The role of PLA2 in the regulation of inflammation was studied by using three PLA2 inhibitors (PYR, BEL and DTT). Fig. 8 and 9 show the effects of 9t18:1 and 11t18:1 on PLA2 in regulating inflammatory cytokine expression and PGE2 secretion in HUVECs. The protein expression of ICAM-1, VCAM-1 and IL-6 and the secretion of PGE2 were significantly increased in HUVECs induced by 9t18:1 and 11t18:1 (p < 0.05). When pretreated with three PLA2 inhibitors for 1 h and then treated with 9t18:1 and 11t18:1 for 24 h, the expression of ICAM-1 and VCAM-1 decreased significantly compared with the inhibitor-free group (p < 0.05), and the expression of IL-6 also decreased significantly (p < 0.05) except for the 11t18:1 + BEL group (Fig. 8). In addition, the secretion of PGE2 decreased significantly compared to that incubated with 9t18:1 and 11t18:1 alone (p < 0.05) (Fig. 9).
image file: c9fo01982k-f8.tif
Fig. 8 Effects of 9t18:1 and 11t18:1 on PLA2 regulating inflammatory cytokine expression in HUVECs: (A,B) 9t18:1; (C,D) 11t18:1. The expression of inflammatory cytokines (ICAM-1, VCAM-1 and IL-6) in HUVECs pretreated with three phospholipase A2 inhibitors, 1 μM PYR (cPLA2 inhibitor), 10 μM BEL (iPLA2 inhibitor) and 500 μM DTT (sPLA2 inhibitor) for 1 h and then induced with 100 μM 9t18:1 and 11t18:1 for 24 h. Data are expressed as mean ± SE. Values labelled with different letters indicate significant differences (p < 0.05).
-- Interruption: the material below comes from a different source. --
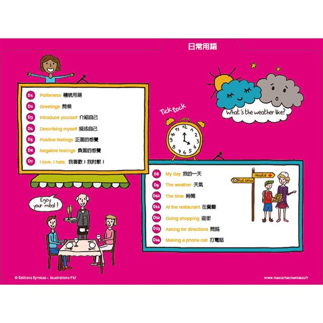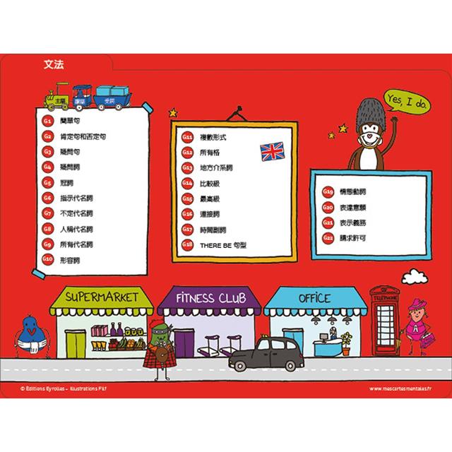 數學心智圖寶盒的成功讓我毫不猶豫地再次與法爾芙合作,腦力激盪,創作出80張色彩豐富、好玩的心智圖。從字彙到文法,你可以在日常生活中,和孩子們一起輕鬆地學英語。

image file: c9fo01982k-f9.tif
Fig. 9 Effects of 9t18:1 and 11t18:1 on PLA2 regulating PGE2 secretion in HUVECs: (A) 9t18:1; (B) 11t18:1. The secretion of PGE2 in HUVECs pretreated with three PLA2 inhibitors, 1 μM PYR (cPLA2 inhibitor), 10 μM BEL (iPLA2 inhibitor) and 500 μM DTT (sPLA2 inhibitor) for 1 h and then induced with 100 μM 9t18:1 and 11t18:1 for 24 h. Data are expressed as mean ± SE. Values labelled with different letters indicate significant differences (p < 0.05).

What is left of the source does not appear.